::: Entries provided :::

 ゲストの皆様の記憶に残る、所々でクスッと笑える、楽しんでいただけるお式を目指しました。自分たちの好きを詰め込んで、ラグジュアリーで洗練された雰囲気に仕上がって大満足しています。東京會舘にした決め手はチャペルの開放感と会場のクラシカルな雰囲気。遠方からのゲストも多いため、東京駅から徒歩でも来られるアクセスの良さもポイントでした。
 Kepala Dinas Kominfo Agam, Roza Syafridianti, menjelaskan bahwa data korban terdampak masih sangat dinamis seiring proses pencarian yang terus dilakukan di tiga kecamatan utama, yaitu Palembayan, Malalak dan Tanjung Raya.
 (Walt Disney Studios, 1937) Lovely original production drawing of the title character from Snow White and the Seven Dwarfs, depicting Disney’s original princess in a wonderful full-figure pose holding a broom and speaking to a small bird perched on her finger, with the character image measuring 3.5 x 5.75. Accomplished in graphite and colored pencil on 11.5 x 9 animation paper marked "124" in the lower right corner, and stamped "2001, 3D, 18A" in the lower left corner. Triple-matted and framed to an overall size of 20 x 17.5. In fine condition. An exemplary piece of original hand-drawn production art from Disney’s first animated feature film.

:::
::: Entries provided :::

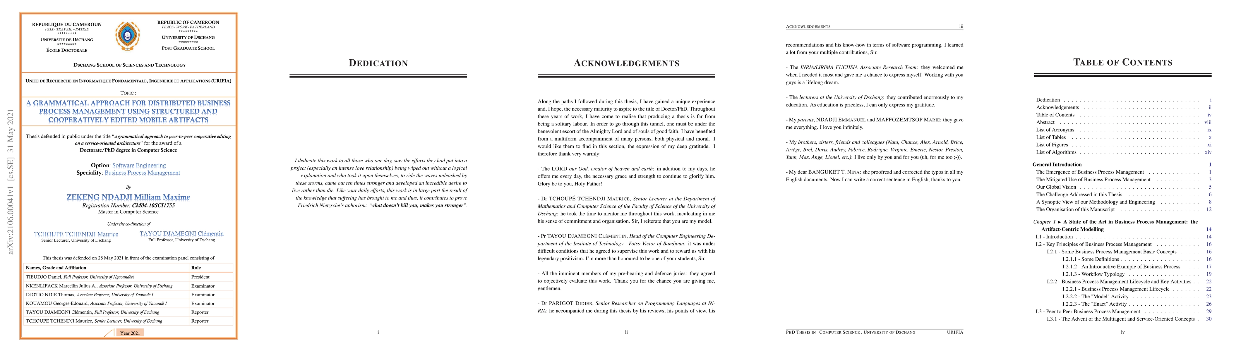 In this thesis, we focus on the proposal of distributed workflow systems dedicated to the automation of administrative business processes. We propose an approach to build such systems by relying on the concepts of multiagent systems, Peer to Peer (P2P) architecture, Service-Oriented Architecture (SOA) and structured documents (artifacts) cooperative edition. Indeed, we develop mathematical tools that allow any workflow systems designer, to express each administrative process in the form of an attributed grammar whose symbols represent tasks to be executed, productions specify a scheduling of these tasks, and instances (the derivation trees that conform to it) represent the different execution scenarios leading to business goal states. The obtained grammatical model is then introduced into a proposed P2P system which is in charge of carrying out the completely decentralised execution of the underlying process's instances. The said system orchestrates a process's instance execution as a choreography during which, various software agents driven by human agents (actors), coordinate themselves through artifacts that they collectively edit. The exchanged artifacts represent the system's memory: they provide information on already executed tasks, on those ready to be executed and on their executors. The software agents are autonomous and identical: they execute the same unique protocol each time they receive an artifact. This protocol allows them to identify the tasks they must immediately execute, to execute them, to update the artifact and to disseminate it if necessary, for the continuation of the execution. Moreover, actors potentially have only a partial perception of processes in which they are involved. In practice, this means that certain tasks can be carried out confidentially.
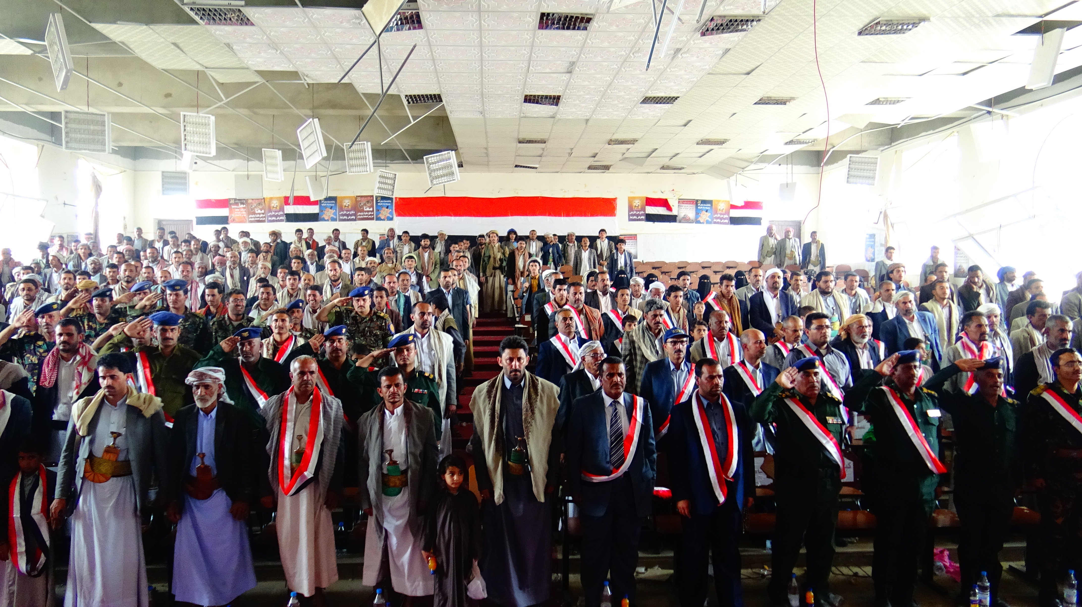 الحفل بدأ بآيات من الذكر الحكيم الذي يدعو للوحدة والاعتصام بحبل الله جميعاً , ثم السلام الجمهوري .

:::
::: Entries provided :::

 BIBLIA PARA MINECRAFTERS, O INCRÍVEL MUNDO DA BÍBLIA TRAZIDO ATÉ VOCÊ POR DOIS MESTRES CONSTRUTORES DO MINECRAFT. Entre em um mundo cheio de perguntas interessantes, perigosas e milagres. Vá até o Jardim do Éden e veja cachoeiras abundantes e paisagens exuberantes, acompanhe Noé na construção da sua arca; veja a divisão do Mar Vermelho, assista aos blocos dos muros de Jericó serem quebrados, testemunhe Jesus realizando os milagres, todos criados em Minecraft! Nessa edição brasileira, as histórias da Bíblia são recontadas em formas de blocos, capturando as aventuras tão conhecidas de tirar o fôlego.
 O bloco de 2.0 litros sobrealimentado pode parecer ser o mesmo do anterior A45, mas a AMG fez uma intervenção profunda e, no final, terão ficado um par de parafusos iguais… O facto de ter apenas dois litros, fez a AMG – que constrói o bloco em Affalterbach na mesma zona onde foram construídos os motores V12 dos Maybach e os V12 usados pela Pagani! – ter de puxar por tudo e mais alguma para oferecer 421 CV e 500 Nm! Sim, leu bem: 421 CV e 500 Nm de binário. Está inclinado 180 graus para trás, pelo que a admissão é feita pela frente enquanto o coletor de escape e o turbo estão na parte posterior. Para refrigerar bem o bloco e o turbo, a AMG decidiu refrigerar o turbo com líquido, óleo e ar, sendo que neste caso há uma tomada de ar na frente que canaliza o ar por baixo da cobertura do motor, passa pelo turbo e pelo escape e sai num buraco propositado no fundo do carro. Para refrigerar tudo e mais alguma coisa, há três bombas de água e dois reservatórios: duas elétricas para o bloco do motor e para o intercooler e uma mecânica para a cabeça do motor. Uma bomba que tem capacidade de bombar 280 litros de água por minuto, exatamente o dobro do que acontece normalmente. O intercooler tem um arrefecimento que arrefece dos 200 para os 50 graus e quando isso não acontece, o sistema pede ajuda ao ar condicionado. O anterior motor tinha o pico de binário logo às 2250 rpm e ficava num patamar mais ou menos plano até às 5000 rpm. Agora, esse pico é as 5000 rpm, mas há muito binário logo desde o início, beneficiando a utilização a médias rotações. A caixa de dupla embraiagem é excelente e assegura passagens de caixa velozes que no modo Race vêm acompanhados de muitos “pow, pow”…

:::

• Instructions for the task: When you reach the line containing "ゲストの皆様の記憶に残る、所" in the data above, start copying exactly, and stop after the line containing "(Walt Disney Studios, 1937)".

• Result:
 ゲストの皆様の記憶に残る、所々でクスッと笑える、楽しんでいただけるお式を目指しました。自分たちの好きを詰め込んで、ラグジュアリーで洗練された雰囲気に仕上がって大満足しています。東京會舘にした決め手はチャペルの開放感と会場のクラシカルな雰囲気。遠方からのゲストも多いため、東京駅から徒歩でも来られるアクセスの良さもポイントでした。
 Kepala Dinas Kominfo Agam, Roza Syafridianti, menjelaskan bahwa data korban terdampak masih sangat dinamis seiring proses pencarian yang terus dilakukan di tiga kecamatan utama, yaitu Palembayan, Malalak dan Tanjung Raya.
 (Walt Disney Studios, 1937) Lovely original production drawing of the title character from Snow White and the Seven Dwarfs, depicting Disney’s original princess in a wonderful full-figure pose holding a broom and speaking to a small bird perched on her finger, with the character image measuring 3.5 x 5.75. Accomplished in graphite and colored pencil on 11.5 x 9 animation paper marked "124" in the lower right corner, and stamped "2001, 3D, 18A" in the lower left corner. Triple-matted and framed to an overall size of 20 x 17.5. In fine condition. An exemplary piece of original hand-drawn production art from Disney’s first animated feature film.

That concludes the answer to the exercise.